» **Prompt**
From the listing below, output the lines between the one with "Vert fluorescent, cuir" and the one with "SS26 IR 176", including those two, and nothing else. Pictures are not copied.
(Data provided begins)
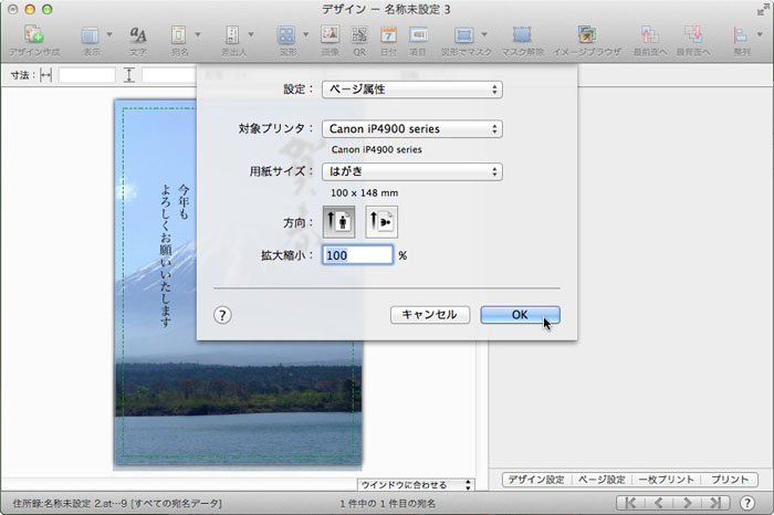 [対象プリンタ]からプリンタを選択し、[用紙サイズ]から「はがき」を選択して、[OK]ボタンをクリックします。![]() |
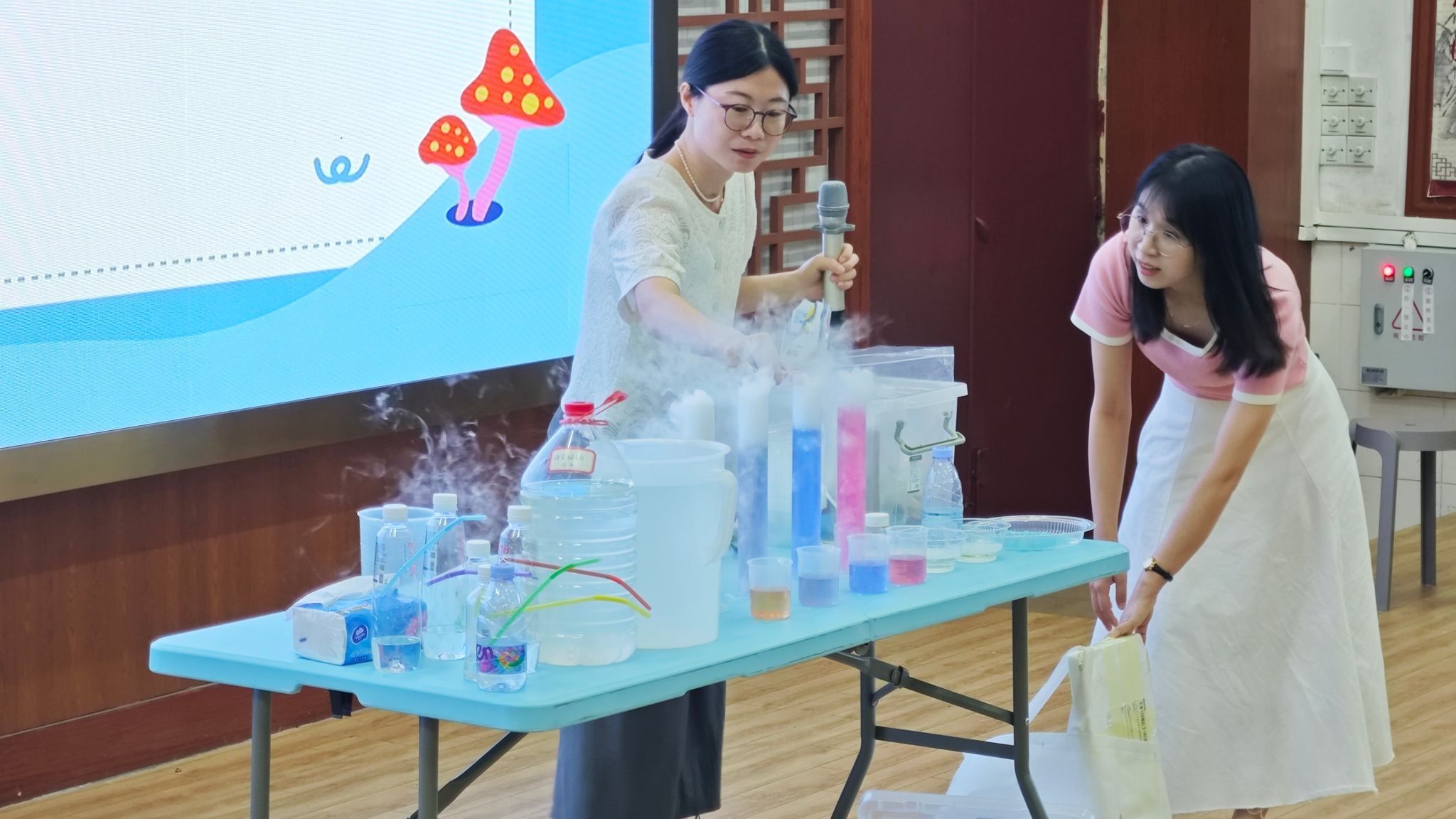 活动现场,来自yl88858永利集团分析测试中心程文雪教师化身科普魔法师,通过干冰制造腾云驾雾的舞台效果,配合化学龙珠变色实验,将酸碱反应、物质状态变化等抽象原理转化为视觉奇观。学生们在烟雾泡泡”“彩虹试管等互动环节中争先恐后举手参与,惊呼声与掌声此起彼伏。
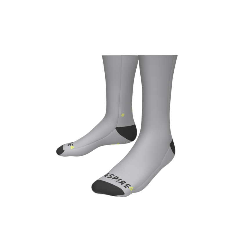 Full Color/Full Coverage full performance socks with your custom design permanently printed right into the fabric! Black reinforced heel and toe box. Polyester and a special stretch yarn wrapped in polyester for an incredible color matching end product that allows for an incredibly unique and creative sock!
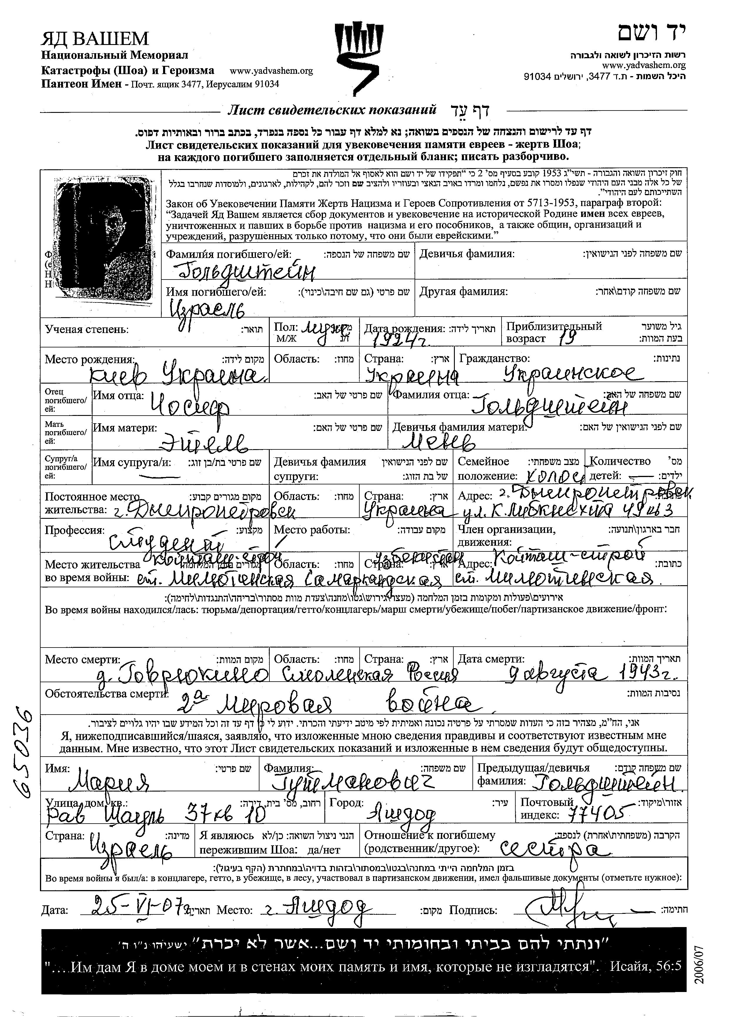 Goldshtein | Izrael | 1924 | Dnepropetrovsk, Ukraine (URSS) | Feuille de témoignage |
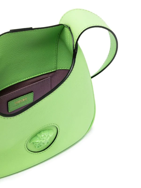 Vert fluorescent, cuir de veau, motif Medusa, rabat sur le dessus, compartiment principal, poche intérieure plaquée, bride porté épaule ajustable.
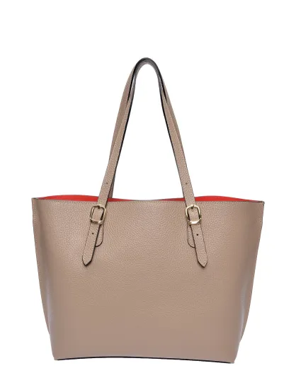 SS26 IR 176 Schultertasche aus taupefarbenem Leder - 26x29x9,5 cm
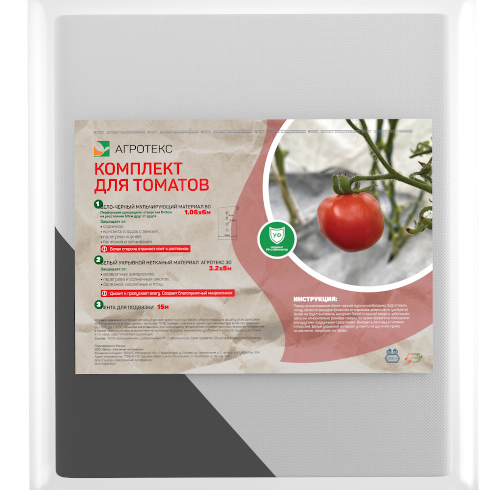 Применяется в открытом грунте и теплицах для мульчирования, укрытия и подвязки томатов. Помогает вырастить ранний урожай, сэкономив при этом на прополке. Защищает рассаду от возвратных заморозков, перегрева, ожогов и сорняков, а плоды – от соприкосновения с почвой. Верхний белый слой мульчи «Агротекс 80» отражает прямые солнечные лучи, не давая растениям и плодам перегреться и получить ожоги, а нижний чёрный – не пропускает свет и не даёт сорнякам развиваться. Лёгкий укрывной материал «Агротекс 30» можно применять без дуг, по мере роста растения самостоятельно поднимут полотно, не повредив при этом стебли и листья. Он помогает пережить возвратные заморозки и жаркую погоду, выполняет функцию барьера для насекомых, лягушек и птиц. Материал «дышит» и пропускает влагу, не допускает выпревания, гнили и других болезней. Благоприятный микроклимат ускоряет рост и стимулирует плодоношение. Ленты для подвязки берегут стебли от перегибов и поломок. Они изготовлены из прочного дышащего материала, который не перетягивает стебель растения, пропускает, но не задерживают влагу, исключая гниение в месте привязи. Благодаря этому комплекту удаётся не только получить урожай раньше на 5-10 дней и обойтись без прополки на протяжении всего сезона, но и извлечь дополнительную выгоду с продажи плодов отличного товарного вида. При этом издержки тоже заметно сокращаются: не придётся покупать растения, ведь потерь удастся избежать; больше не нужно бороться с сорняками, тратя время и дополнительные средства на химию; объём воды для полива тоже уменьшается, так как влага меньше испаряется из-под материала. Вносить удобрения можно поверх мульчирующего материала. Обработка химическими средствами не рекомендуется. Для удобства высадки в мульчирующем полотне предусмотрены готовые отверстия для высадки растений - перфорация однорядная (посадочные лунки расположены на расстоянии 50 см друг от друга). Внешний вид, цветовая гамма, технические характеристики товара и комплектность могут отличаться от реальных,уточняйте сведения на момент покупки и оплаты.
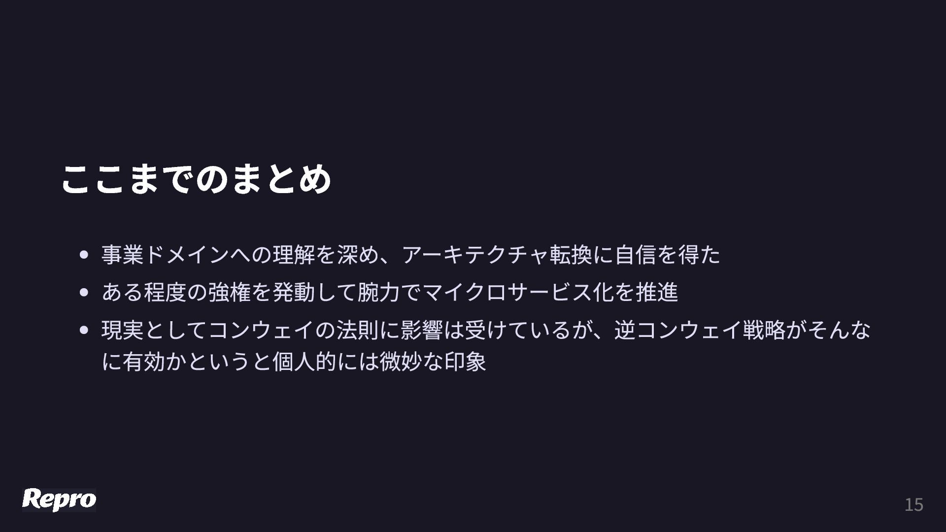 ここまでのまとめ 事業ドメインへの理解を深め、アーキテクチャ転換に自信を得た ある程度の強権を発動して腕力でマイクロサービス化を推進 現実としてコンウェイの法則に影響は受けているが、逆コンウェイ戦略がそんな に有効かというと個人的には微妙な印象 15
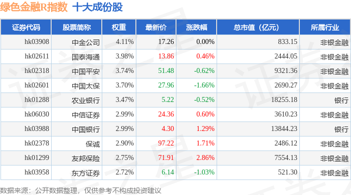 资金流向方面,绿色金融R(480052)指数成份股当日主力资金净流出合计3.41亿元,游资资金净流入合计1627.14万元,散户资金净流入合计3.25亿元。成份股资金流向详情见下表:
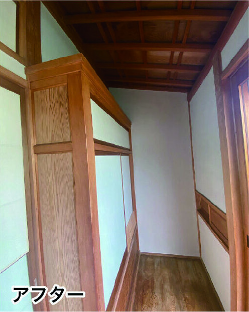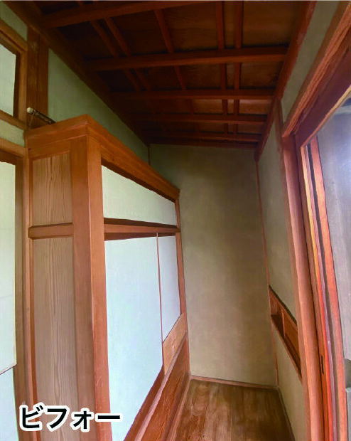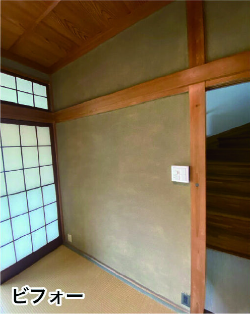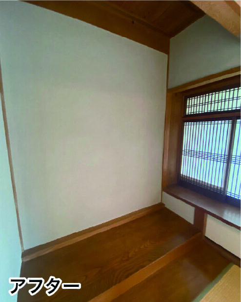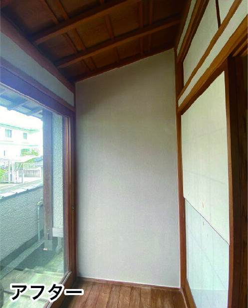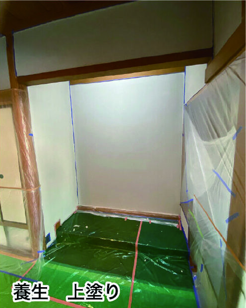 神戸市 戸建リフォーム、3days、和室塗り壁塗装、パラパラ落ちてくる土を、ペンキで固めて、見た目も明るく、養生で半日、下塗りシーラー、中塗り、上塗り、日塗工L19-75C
(Data provided ends)
» **Reply to the task**
 Vert fluorescent, cuir de veau, motif Medusa, rabat sur le dessus, compartiment principal, poche intérieure plaquée, bride porté épaule ajustable.
 SS26 IR 176 Schultertasche aus taupefarbenem Leder - 26x29x9,5 cm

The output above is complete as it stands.